## WORKING DATA:
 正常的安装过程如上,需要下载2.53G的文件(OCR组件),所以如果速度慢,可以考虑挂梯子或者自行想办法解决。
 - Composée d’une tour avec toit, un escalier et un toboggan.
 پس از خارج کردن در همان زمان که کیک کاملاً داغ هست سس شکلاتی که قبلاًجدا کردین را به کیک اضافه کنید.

...

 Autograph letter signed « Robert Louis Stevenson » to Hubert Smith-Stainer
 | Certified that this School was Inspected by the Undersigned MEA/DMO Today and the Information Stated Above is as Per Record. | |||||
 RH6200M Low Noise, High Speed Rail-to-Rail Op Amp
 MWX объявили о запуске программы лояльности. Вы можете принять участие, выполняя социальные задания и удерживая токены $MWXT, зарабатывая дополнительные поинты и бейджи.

--

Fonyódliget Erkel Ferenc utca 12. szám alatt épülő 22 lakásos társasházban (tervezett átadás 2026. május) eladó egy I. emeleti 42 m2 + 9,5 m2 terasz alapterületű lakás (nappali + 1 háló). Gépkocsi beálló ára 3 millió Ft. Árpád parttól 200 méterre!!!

## YOUR GOAL:
When you reach the line with "- Composée d’une" in the records above, start writing out lines exactly, and stop once the line with "پس از خارج کردن" has been written; include nothing else.

## WRITTEN SOLUTION:
 - Composée d’une tour avec toit, un escalier et un toboggan.
 پس از خارج کردن در همان زمان که کیک کاملاً داغ هست سس شکلاتی که قبلاًجدا کردین را به کیک اضافه کنید.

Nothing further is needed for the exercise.